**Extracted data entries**
-- Opening Marker --

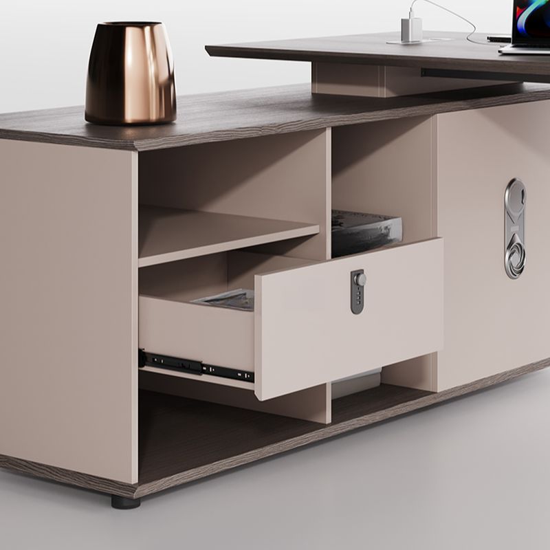 Designed for busy executive environments, the desk comes with built-in drawers, side cabinets, shelves, or pedestal units for neatly storing documents, files, office accessories, and confidential items. The L-shape provides easy access to all storage areas, helping maintain a clutter-free workspace that boosts focus and productivity.
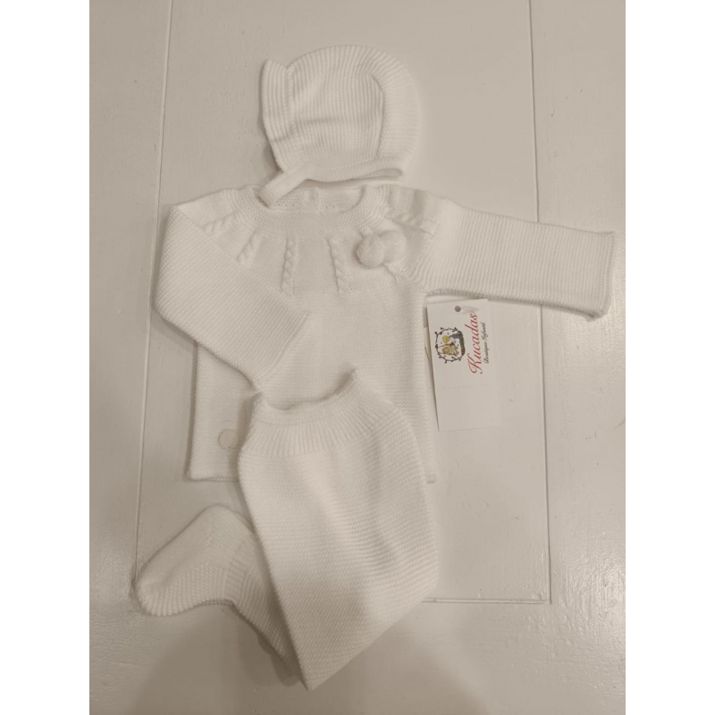 CONJUNTO P.P 3PIEZAS CANESÚ TRENZAS BLANCO PRIM BABY
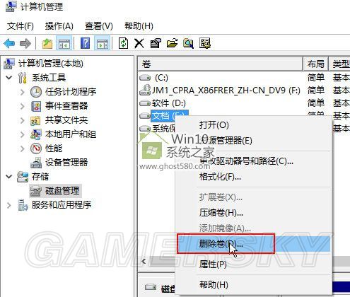 2、打开计算机管理界面后,点击存储的“磁盘管理”,然后在右侧窗口找到无法格式化的磁盘,点击右键,选择“删除卷”,如下图所示:
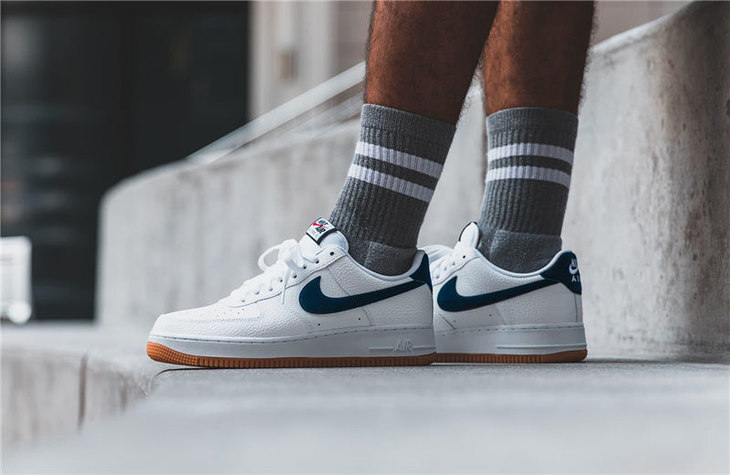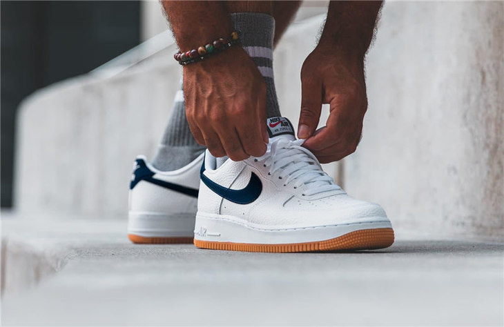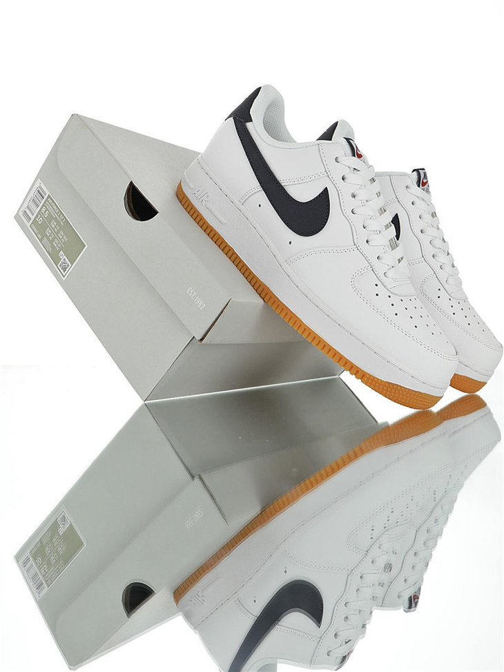 耐克Nike Air Force 1 '07 Low "White Obsidian" 硬质牛剖层移膜革 内置全掌air sole气垫 皮革白夜蓝生胶黄配色
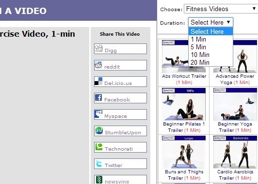Second website in the list, to learn Aerobics online is Slim Tree. You have to begin by creating a free account, after which you can watch different workout videos. The website provides you different videos on aerobics, Yoga and Gym training. You can filter your search by searching for the type of exercise you want to learn. You can also filter the videos by its length. There are both short videos (1min long) and long descriptive videos (5, 10, 20 minutes long). The videos that you watch and learn from can also be shared on other platforms like Facebook, Twitter, Reddit.
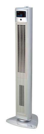 扇風機とヒーター機能を一体化した送風機能付きファンヒーター。縦型の本体に温風(下側)と送風(上側)の独立したファンとモーターを搭載。人の動きの変化を感知して自動で運転オン・オフにする「人感センサー機能」やオフタイマーなども備えた。
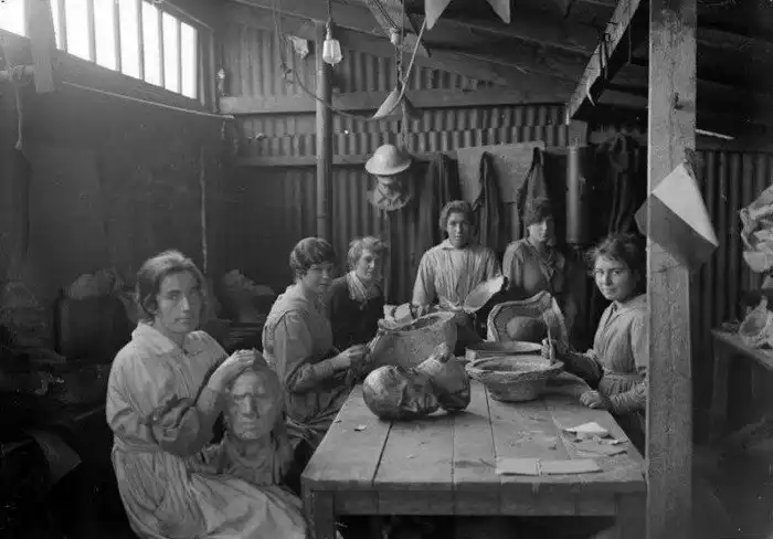 Женщины делают фальшивые головы, чтобы помочь вычислить снайперов на фронте, Первая мировая.
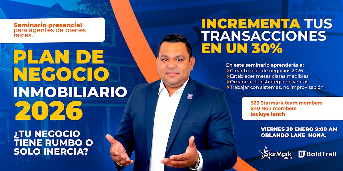 Seminario presencial para agentes que quieren resultados reales. En una mañana construirás tu Plan de Negocio Inmobiliario 2026, definirás metas claras y una estrategia de ventas con sistemas, no improvisación. Saldrás con enfoque, estructura y acciones concretas para dejar de jugar a la casita y empezar a cobrar comisiones.
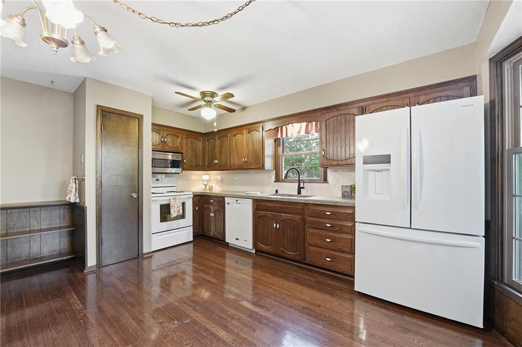 Welcome to this spacious, well maintained, one owner, 5 bed, 3.5 bath raised ranch home! This home features plenty of space for everyone! The updated kitchen has newer appliances (refrigerator stays!), granite overlay countertops, a pantry, and wood floors. The large family room contains a huge fireplace and hearth, bookshelves, and a vaulted ceiling. A deck off the family room is great for outdoor barbeques! The dining room is perfect for gatherings! The primary bedroom has a walk in closet. The primary bath has been updated with tile floors, tiled shower, and granite overlay countertops. Two more bedrooms grace the main floor. Two more ample bedrooms are located upstairs with a full bath. The walk out basement is perfect for entertaining. A wood burning stove, wet bar w/refrigerator, half bath, laundry room, and storage will make everyone happy! Don't miss the garage. It is enormous with a work bench and storage galore! Newer HVAC, hot water heater, and newer windows throughout make this a wonderful home! Don't miss this value!!
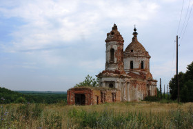 Полуразрушенный храм, 2009 год . Согласно последним данным был построен в 1803 году. В 2013 году было начато восстановление и закончено в 2022 году. Освящен в честь иконы Казанской Божией Матери. Село Чириково, Турковского р-на, Саратовской области. Балашовская епархия. (Фото Александра Власова)
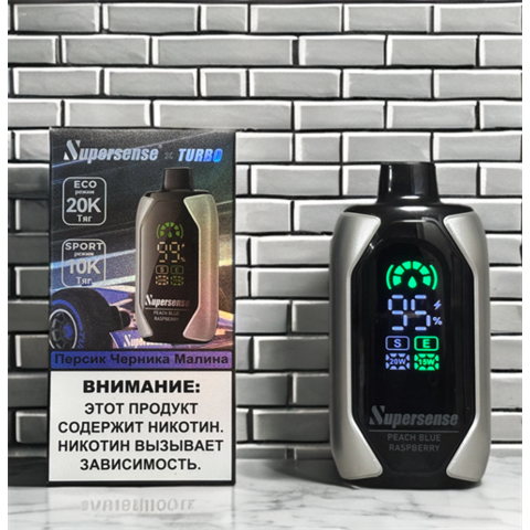 Supersense Turbo 20000 затяжек Вкусы: Персик-черника-малина Лимонная кола Клубника-банан Виноград-холодок Черника-холодок Ягодный микс Скитлс Арбуз-холодок Кислое яблоко Ежевика-вишня Апельсиновая фанта
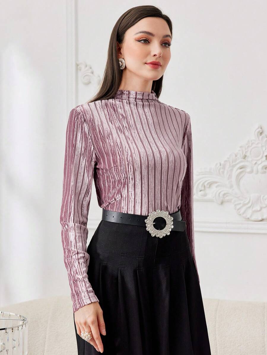 SHEIN Modely Ladies Velvet Stand Collar T-shirt
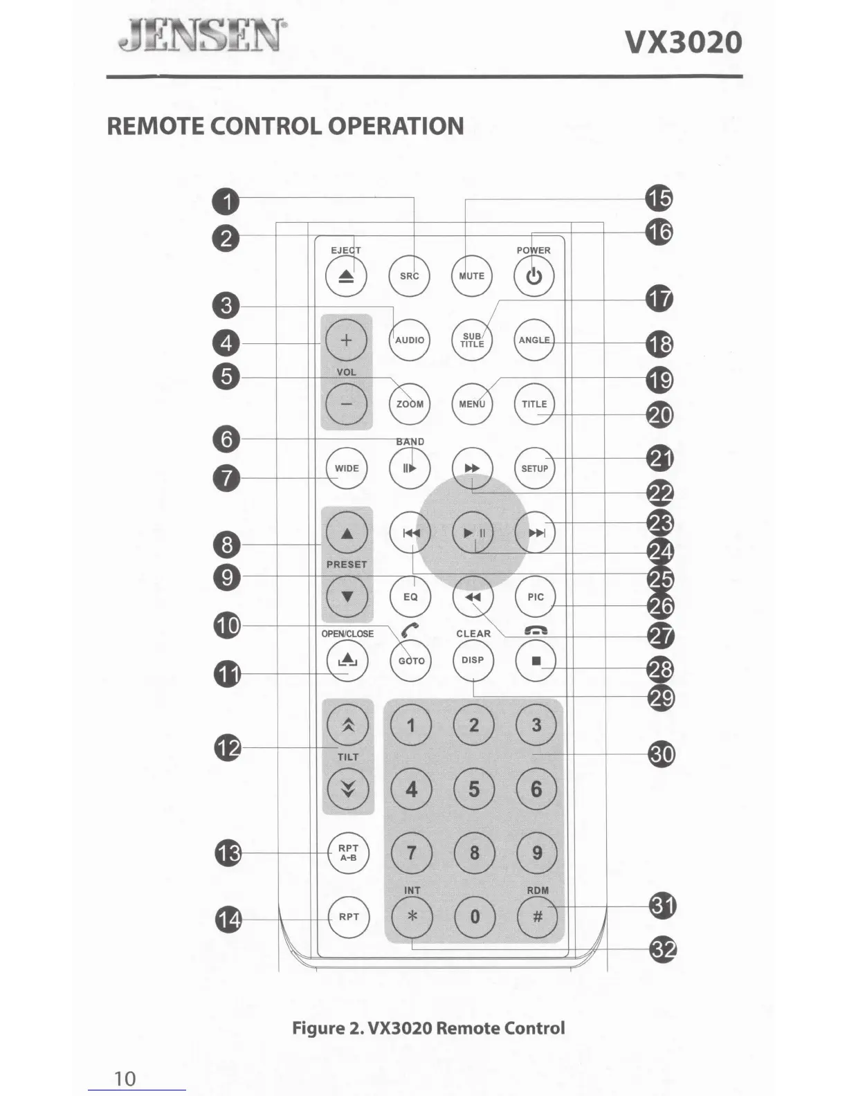 Jensen VX3020 - REMOTE CONTROL OPERATION
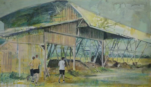 zeigt Landschaftsausschnitte, die in ihrer Gliederung und Struktur flächig abstraktes Arbeiten herausfordert. Eine Kulturlandschaft von Menschenhand geordnet, bearbeitet und genutzt, die fast überall in unserer Umgebung vorzufinden ist, gibt einen alltäglichen profanen Blick auf Landschaft, der als langweilig wahrgenommen wird. Allerdings für die Malerei in ihrer Reduziertheit höchst spannend sein kann, sowohl für die Frage der Komposition und für das Finden einer gelungen Bildlösung.
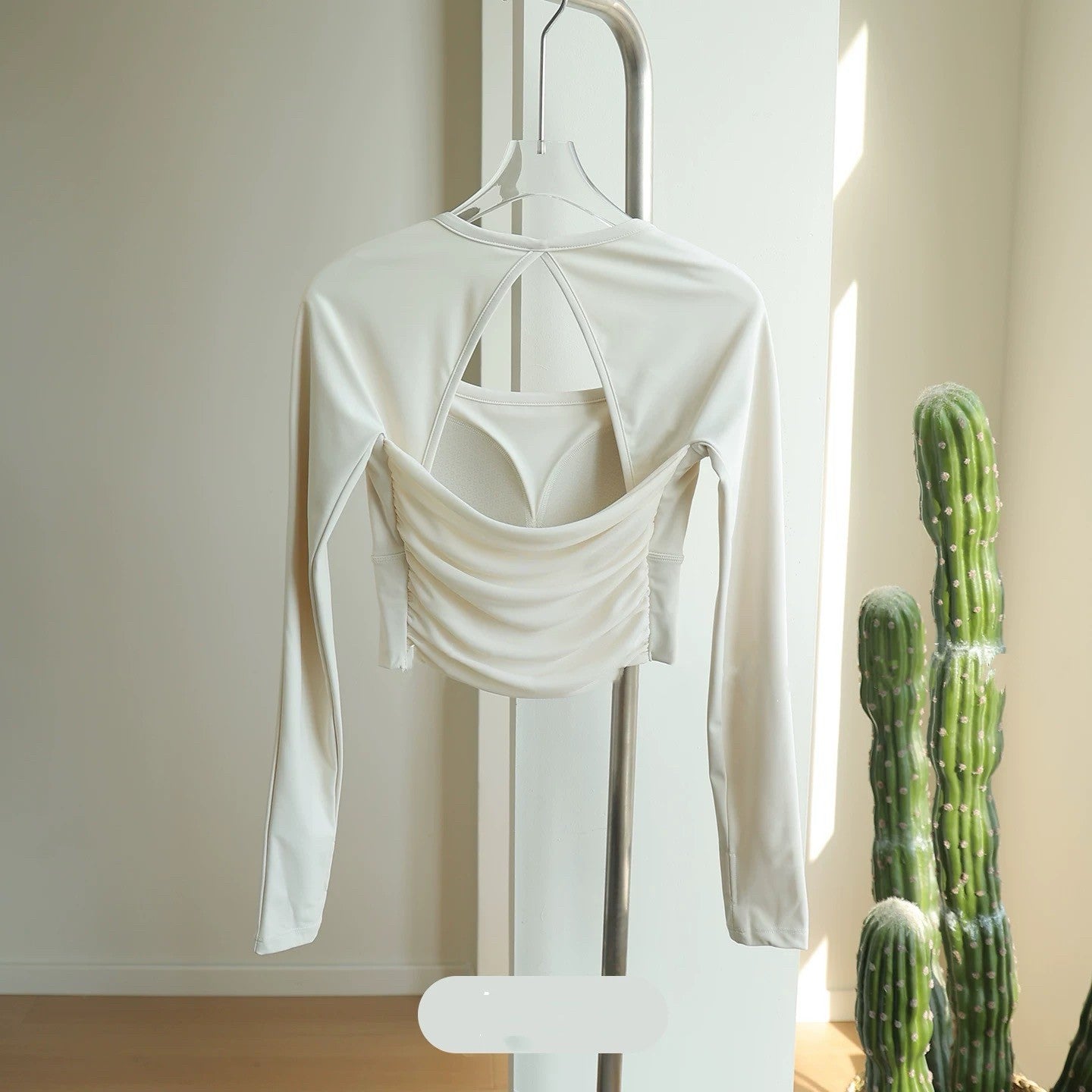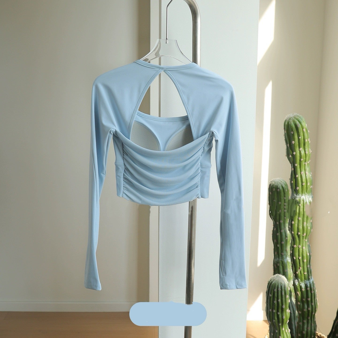 Women's Long-Sleeve Sports Top with Chest Pads, Yoga Wear, Pilates Training Fitness Apparel, Running

-- Closing Marker --

**Work order**
Please transcribe exactly the part of the records that opens with the line containing "CONJUNTO P.P 3PIEZAS" and closes with the line containing "Seminario presencial para", both ends included, and leave out the pictures.

**Your solution**
 CONJUNTO P.P 3PIEZAS CANESÚ TRENZAS BLANCO PRIM BABY
 2、打开计算机管理界面后,点击存储的“磁盘管理”,然后在右侧窗口找到无法格式化的磁盘,点击右键,选择“删除卷”,如下图所示:
 耐克Nike Air Force 1 '07 Low "White Obsidian" 硬质牛剖层移膜革 内置全掌air sole气垫 皮革白夜蓝生胶黄配色
Second website in the list, to learn Aerobics online is Slim Tree. You have to begin by creating a free account, after which you can watch different workout videos. The website provides you different videos on aerobics, Yoga and Gym training. You can filter your search by searching for the type of exercise you want to learn. You can also filter the videos by its length. There are both short videos (1min long) and long descriptive videos (5, 10, 20 minutes long). The videos that you watch and learn from can also be shared on other platforms like Facebook, Twitter, Reddit.
 扇風機とヒーター機能を一体化した送風機能付きファンヒーター。縦型の本体に温風(下側)と送風(上側)の独立したファンとモーターを搭載。人の動きの変化を感知して自動で運転オン・オフにする「人感センサー機能」やオフタイマーなども備えた。
 Женщины делают фальшивые головы, чтобы помочь вычислить снайперов на фронте, Первая мировая.
 Seminario presencial para agentes que quieren resultados reales. En una mañana construirás tu Plan de Negocio Inmobiliario 2026, definirás metas claras y una estrategia de ventas con sistemas, no improvisación. Saldrás con enfoque, estructura y acciones concretas para dejar de jugar a la casita y empezar a cobrar comisiones.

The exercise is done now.